Web of the City (6 page)

Read Web of the City Online

Authors: Harlan Ellison

He took the knife out and slid the drawer shut with his knee. He stood up, holding the plastic length of it closed in his hand. It felt wrong there, not like it had felt so often in the past.

Then, it had been right. But now he felt more at home with a compass and T-square. Was he actually outgrowing this thing, through the help of the teacher, or was it all an illusion?

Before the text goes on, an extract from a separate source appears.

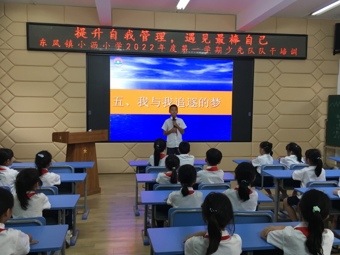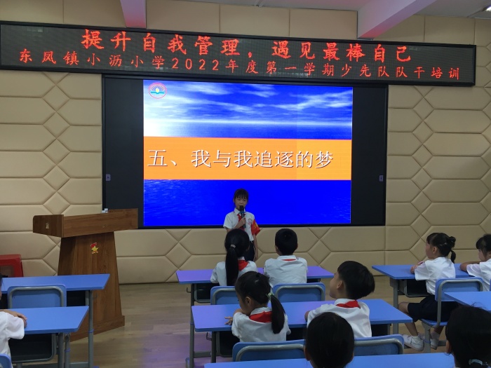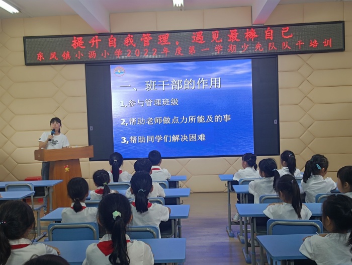 会议伊始,小沥小学大队辅导员梁月仪从少先队队干部应具备的素质、修养、工作方法等方面进行了培训,就队干部在少先队管理中的作用、职责、义务等方面进行了详细的讲解,强调队干部要起好模范带头作用。听取梁老师的分享后,队干部们纷纷发表其今后的工作目标并分享各自过往切实可行的做法。最后,黎三妹副校长对队干部提出了新的要求和希望,强调少先队干部要在学校管理建设中发挥“领”与“导”的作用,履行好自己的职责,用自己的行动带好“头”,不断发挥自己的聪明才智,把工作干得更出色。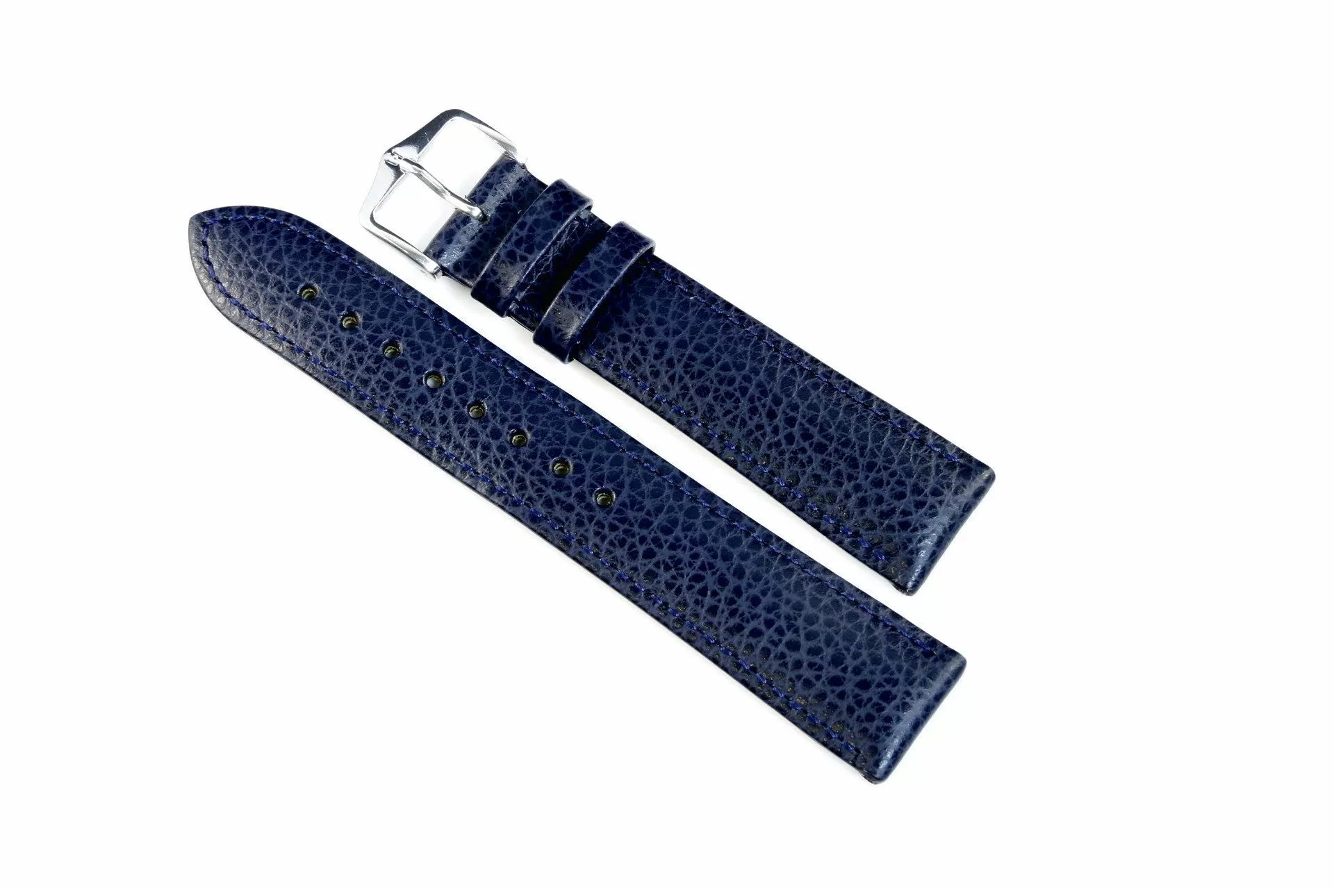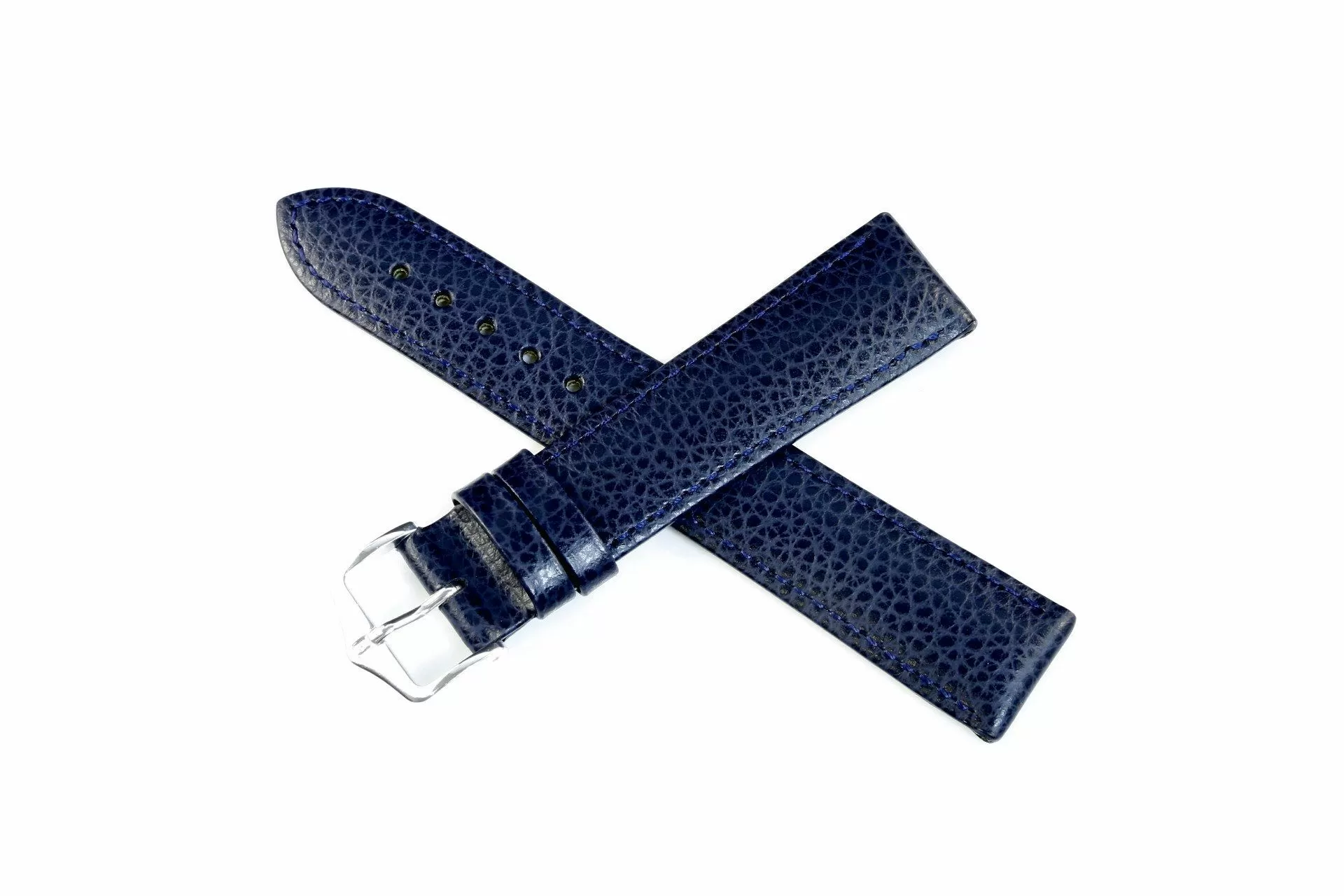 Klasyczny niebieski pasek skórzany z lini HIRSCH softglove lining leather wykonany z trwałej skóry cielęcej z tłoczeniem struktury skóry bawoła Rozmiar 24 mm, klamerka w kolorze srebrnym , ceniona austriacka marka Hirsch. Kansas jako model  należy do rodziny produktów Struktured leather. Klasyczny uniwersalny kształt , pasek skórzany wykonany ręcznie , Będzie pasował do każdego zegarka. Model wykonany jest z miękkiej skóry i rewelacyjnie sprawdzi się jako dodatek do zegarka na każdy dzień . Dla trwałości i wzmocnienia pasek został przeszyty nicią w kontrastowym kolorze lub w kolorze paska co zwiększa różnorodność opcji dopasowania do kolorystyki zegarka..

He still knew what he had to do.

He bent over and stuck the knife into the top of his desert boot. The gang all wore these shoes, with high, soft tops, in case they had to pack a blade. But he knew Candle carried his knife in his sleeve. So when Candle rose high to let the knife slide out, Rusty would scoop low, and come up with the knife open—gutting.

A full-body swing, straight up from the groin. Slicing heavy and cutting from crotch to navel in one movement...

He stopped himself with a mental wrenching.

Wrong, wrong, wrong! All wrong. He had to stop this. He couldn’t let himself get involved again. It was more than just disappointing Pancoast. It was more than keeping Weezee out of trouble. He suddenly realized he owed a debt to himself. If he threw himself away, he was a waste to everything. He could not get it any clearer in his mind—he knew it was all wrong to be nothing, to get nowhere—but he sensed deeply that he must try to get this stand canceled. He would even back down. Let Candle think he was a punk. It didn’t matter, just as long as he didn’t have to fight, didn’t have to kill.

For he knew in his heart that if he fought today, only one boy would come out of the rumble alive. He was determined to be that one,
if
they fought—but he wasn’t going to fight.

He had to see Candle. Had to stop the argument now, cold, dead, final. Now!

But the knife felt reassuring in his shoe-top.

Dolores was at the table when he came in. Ma was in front of the stove, stirring a battered pot full of cocoa. “Where were ya so late?” Rusty asked his sister.

She was a pert, slim girl, with shiny black hair pulled into a ponytail like her friends. Her eyes were very wide and very black and her lashes quite long. Yet there was an insolence about her, an invisible smirk that seemed about to show itself on her full lips.

Her body was held proudly, and she rose an inch at his question. “You didn’t show till three o’clock. Whaddaya coppin’ low at me for?”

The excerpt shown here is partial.